Material provided |
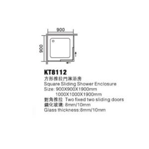 KT8115 Frameless Sliding Enclosed Shower Room 800X1200 Rectangular Stainless Steel Shower Stall for Hotels
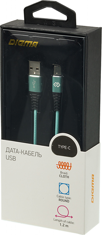 Кабель Digma TYPE-C-1.2M-BRAIDED-GR USB (m)-USB Type-C (m) 1.2м зеленый (TYPE-C-1.2M-BRAIDED-GR)
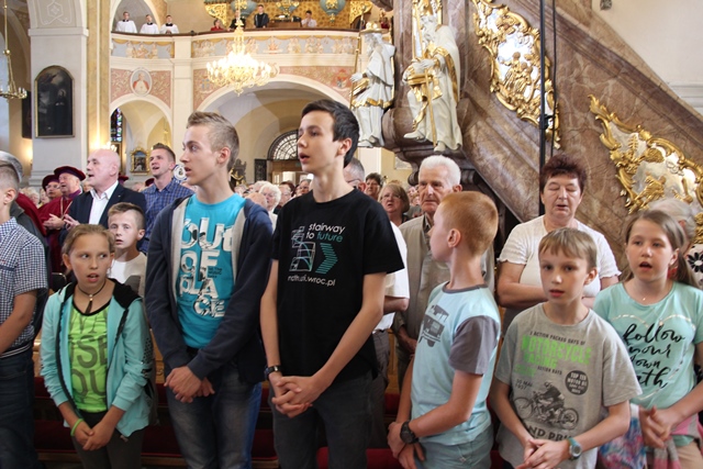 Wskazywał, że rodzina znajduje się dzisiaj pośrodku wielkiego zmagania między dobrem a złem, między życiem a śmiercią. – Jeśli świat, w którym żyjemy, tak boleśnie doświadcza rozdwojenia to zauważmy, że to rozdwojenie najbardziej dotkliwie przechodzi przez rodzinę, wokół której ciągle podnosi się wielka wrzawa i co chwilę dochodzi do wielkiego wzburzenia. I dlatego trzeba każdej chrześcijańskiej rodzinie powtórzyć te słowa, które usłyszał od Jezusa św. Paweł: „Odwagi, trzeba bowiem, żebyście zaświadczyli o Mnie”. Potrzeba odwagi, bo wielka jest siła świadectwa, jakie dają katoliccy małżonkowie trwający wiernie w złożonej wzajemnie przysiędze, prowadzący na co dzień chrześcijańskie życie, przekazujący je jak najcenniejszy skarb następnym pokoleniom. Niech św. Józef, patron tego miejsca, opiekun całego Kościoła wyprasza taką odwagę wszystkim małżonkom – mówił kaznodzieja.

What the task requires |
A word-for-word copy is required of the lines above from the line with "Кабель Digma TYPE-C-1.2M-BRAIDED-GR" through the last line of the data; no other lines and no pictures belong in it.

Task response |
 Кабель Digma TYPE-C-1.2M-BRAIDED-GR USB (m)-USB Type-C (m) 1.2м зеленый (TYPE-C-1.2M-BRAIDED-GR)
 Wskazywał, że rodzina znajduje się dzisiaj pośrodku wielkiego zmagania między dobrem a złem, między życiem a śmiercią. – Jeśli świat, w którym żyjemy, tak boleśnie doświadcza rozdwojenia to zauważmy, że to rozdwojenie najbardziej dotkliwie przechodzi przez rodzinę, wokół której ciągle podnosi się wielka wrzawa i co chwilę dochodzi do wielkiego wzburzenia. I dlatego trzeba każdej chrześcijańskiej rodzinie powtórzyć te słowa, które usłyszał od Jezusa św. Paweł: „Odwagi, trzeba bowiem, żebyście zaświadczyli o Mnie”. Potrzeba odwagi, bo wielka jest siła świadectwa, jakie dają katoliccy małżonkowie trwający wiernie w złożonej wzajemnie przysiędze, prowadzący na co dzień chrześcijańskie życie, przekazujący je jak najcenniejszy skarb następnym pokoleniom. Niech św. Józef, patron tego miejsca, opiekun całego Kościoła wyprasza taką odwagę wszystkim małżonkom – mówił kaznodzieja.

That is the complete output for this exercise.